Your goal — Copy every line from the one that holds "Reto: Crear una" to the end of the records below, exactly and with nothing else, but without any pictures.

═════ Source material

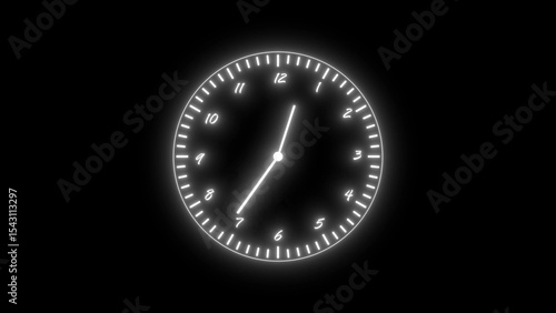 Glowing White Clock Face on Black Background Showing Time Around Ten After Twelve neon white
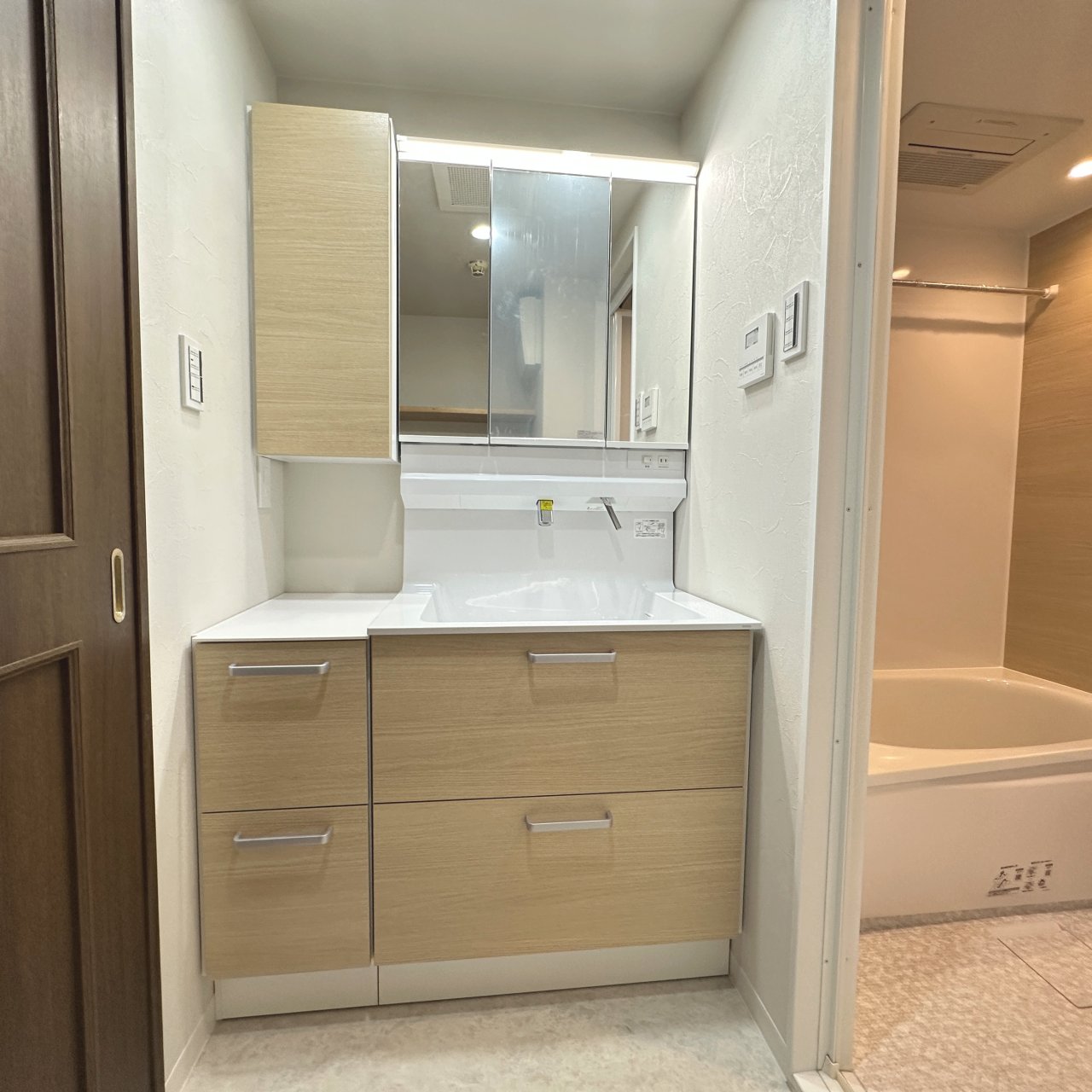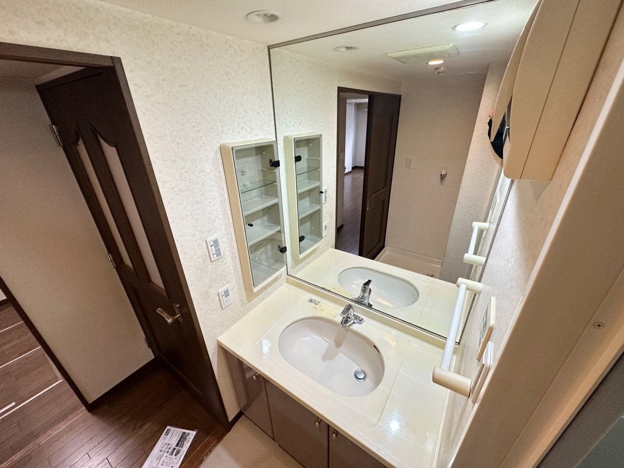 洗面化粧台交換:収納力とデザイン性を備えた洗面化粧台にリニューアル。毎日の身支度がより快適になります。
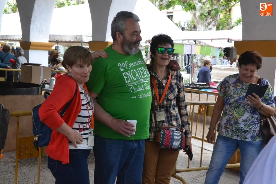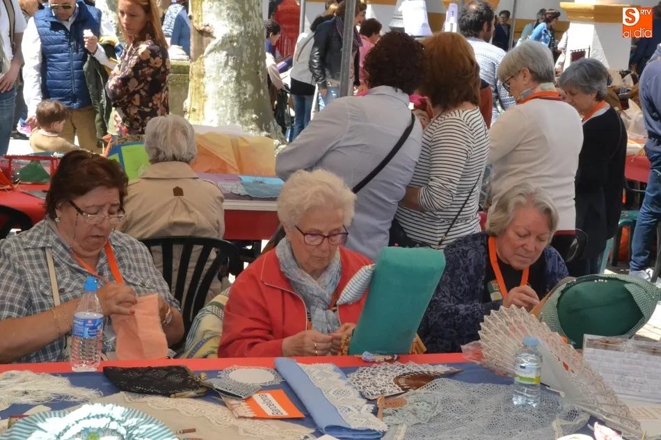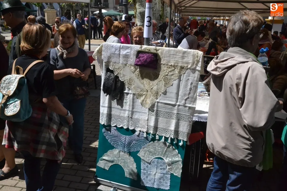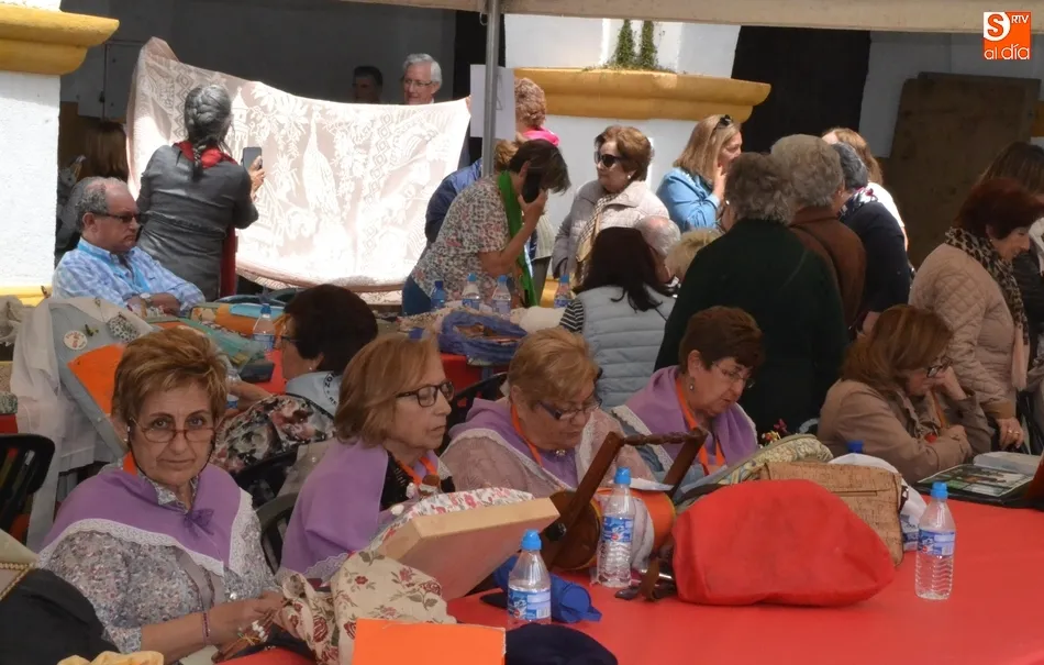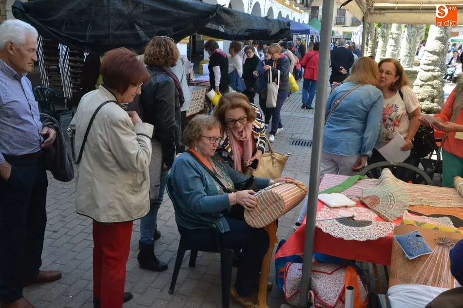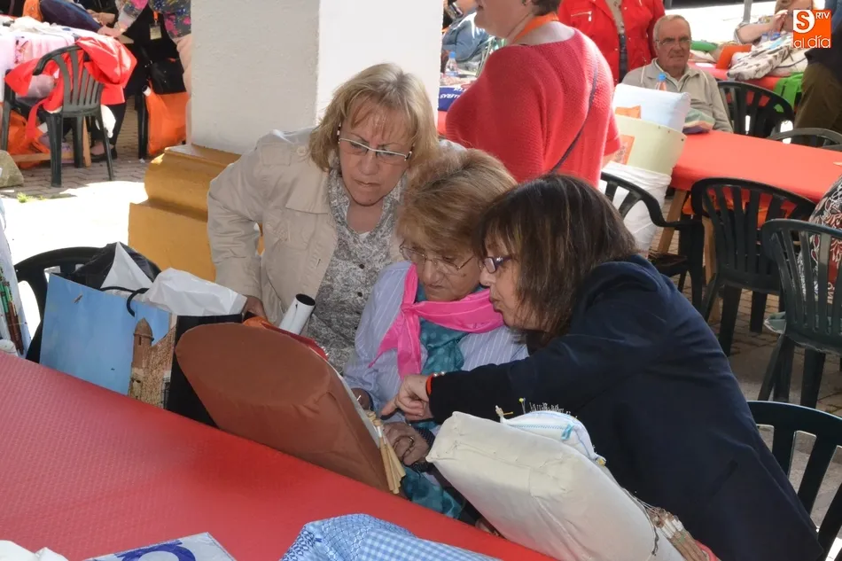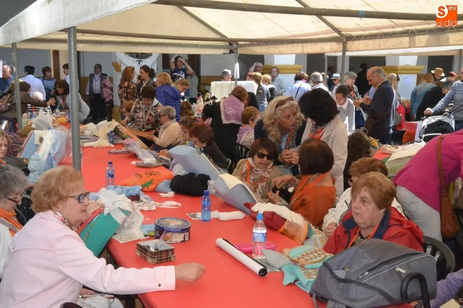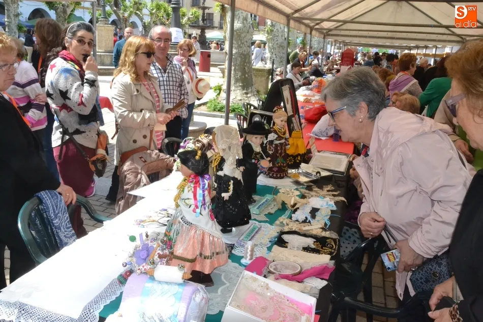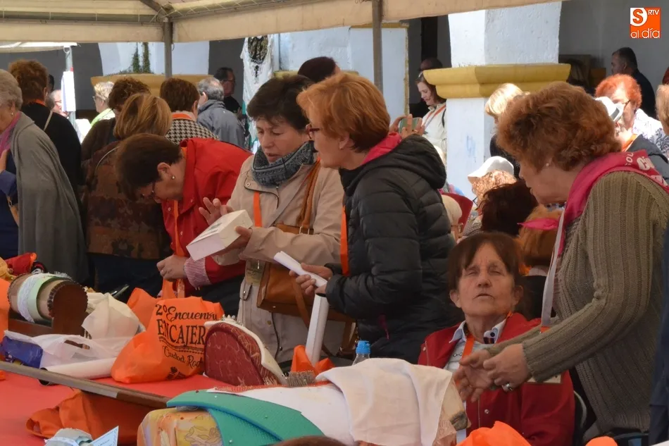 El Encuentro de Encajeras revalida su éxito con gran ambiente y José Pinto como invitado estelar   | Imagen 2Concluido el largo sorteo, los asistentes al Encuentro guardaron las labores que habían estado haciendo (aquellos que habían estado trabajando, ya que hubo personas que no las sacaron de las bolsas ya que se tomaron la mañana más libre, disfrutando por ejemplo de una visita guiada a Ciudad Rodrigo). Al mismo tiempo que las encajeras recogían, también lo hacían la mayor parte de la decena de puestos de productos relacionados con los bolillos que habían estado vendiendo en la Plazuela.
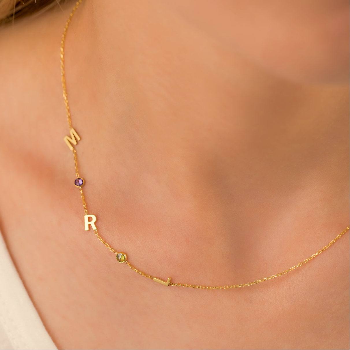 Chic appeal with this 18Kt Gold Initial x Birthstone Necklace
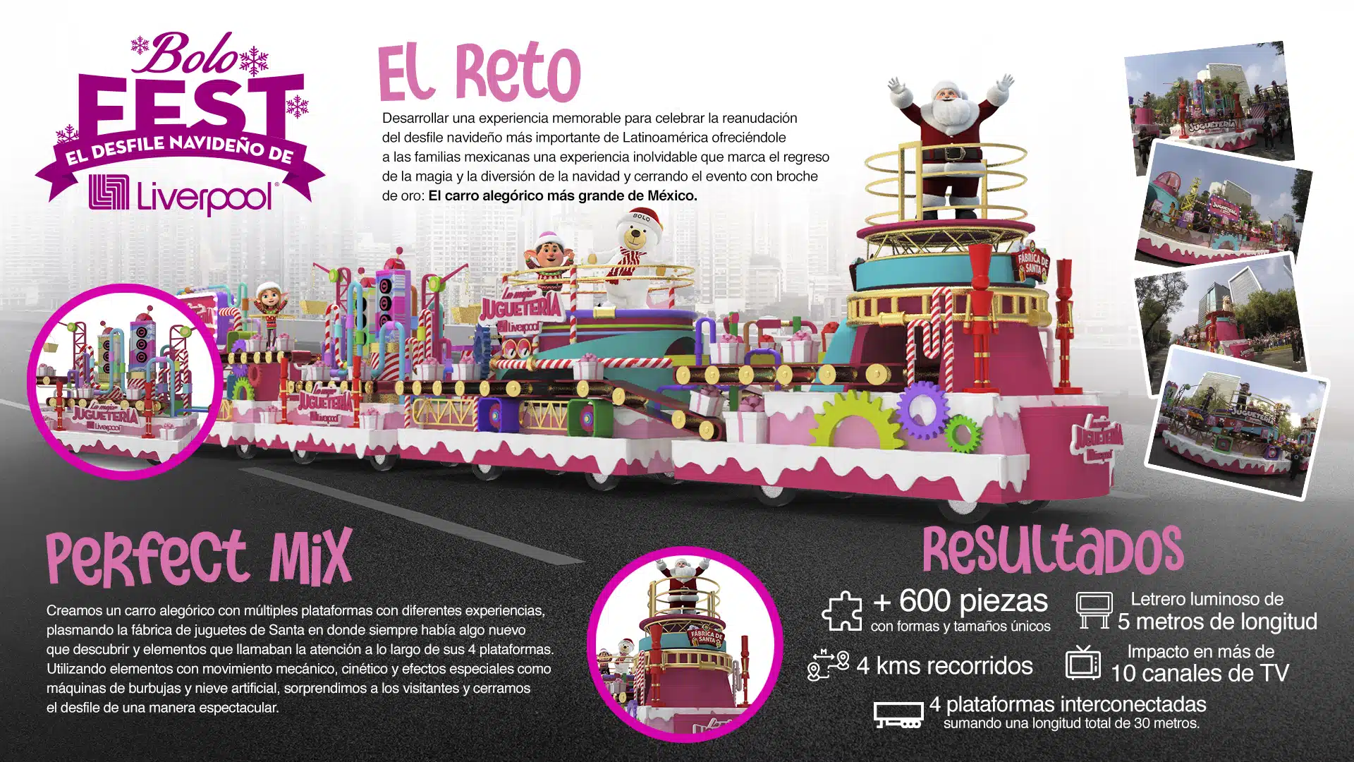 Reto: Crear una experiencia inolvidable para celebrar la reanudación del desfile navideño más grande de Latinoamérica y marcar el regreso de la magia navideña.
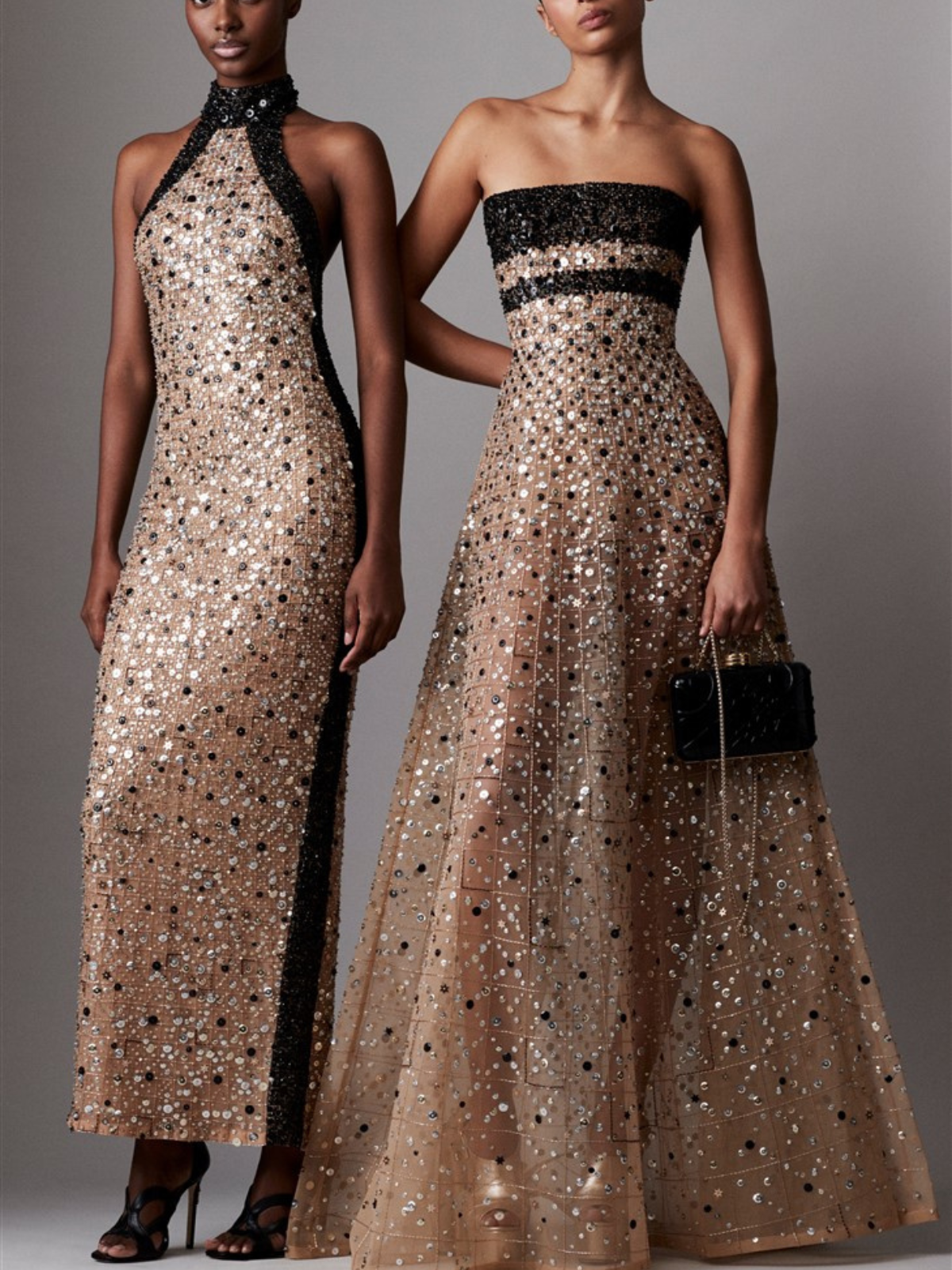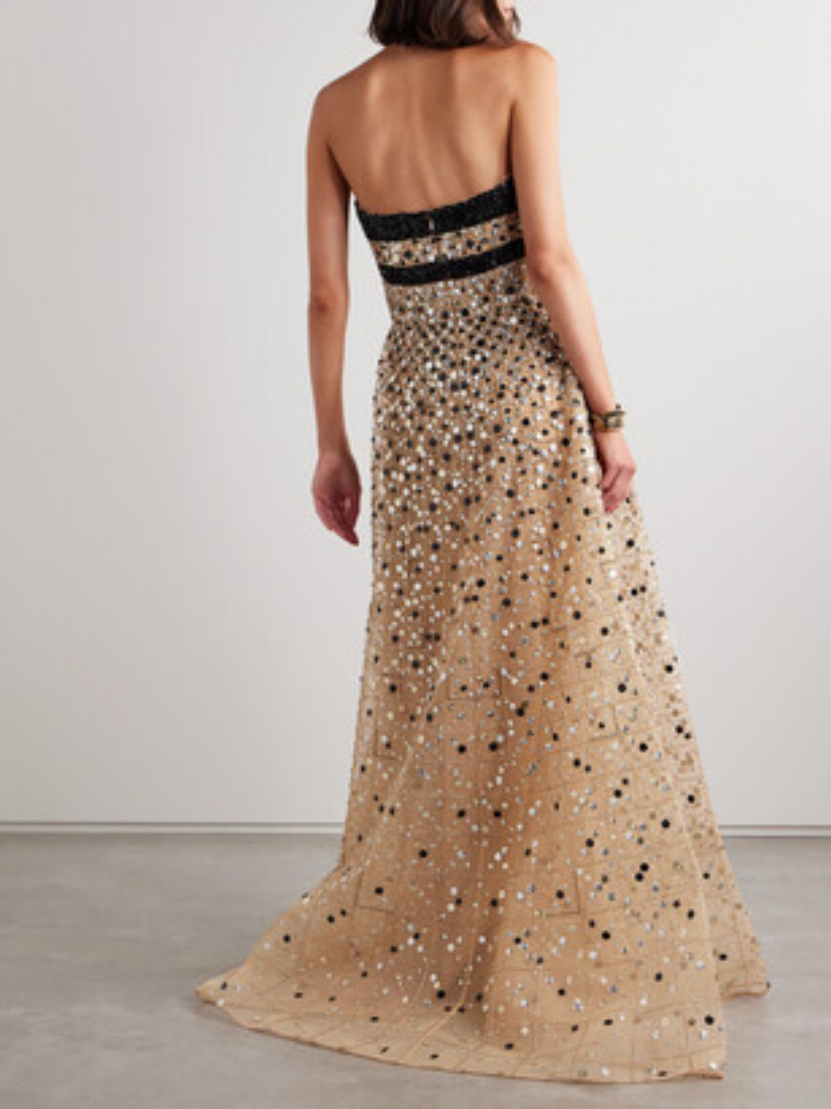 BORDADO EN DORADOS Y NEGRO, STRAPLESS, TULE
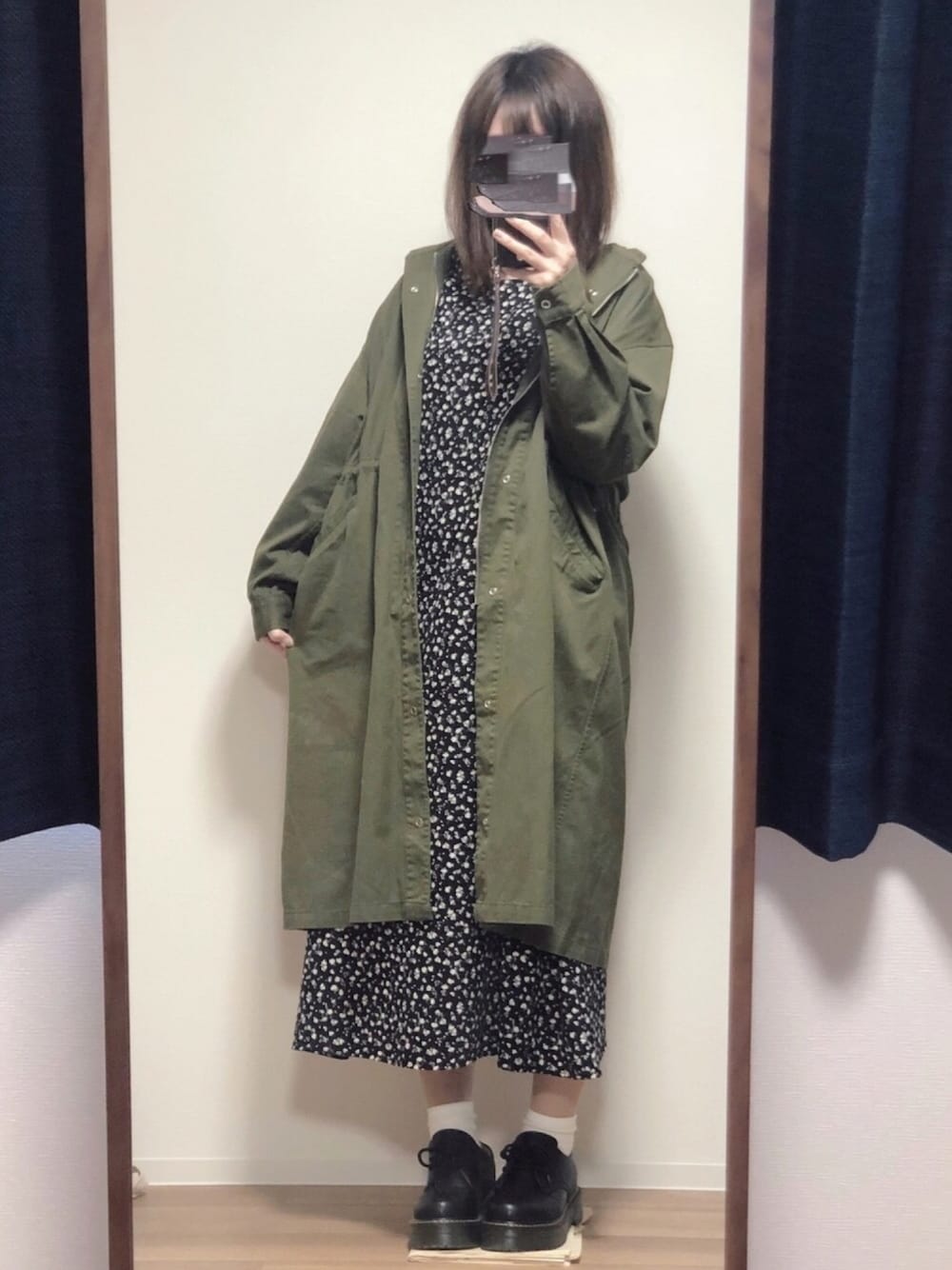 なにを強調したかったのかよくわからないポーズ…😶🙃 アースのワンピースが小花柄なので、カーキのミリタリーコートあわせました💚

══════════

Solution to this problem —
 Reto: Crear una experiencia inolvidable para celebrar la reanudación del desfile navideño más grande de Latinoamérica y marcar el regreso de la magia navideña.
 BORDADO EN DORADOS Y NEGRO, STRAPLESS, TULE
 なにを強調したかったのかよくわからないポーズ…😶🙃 アースのワンピースが小花柄なので、カーキのミリタリーコートあわせました💚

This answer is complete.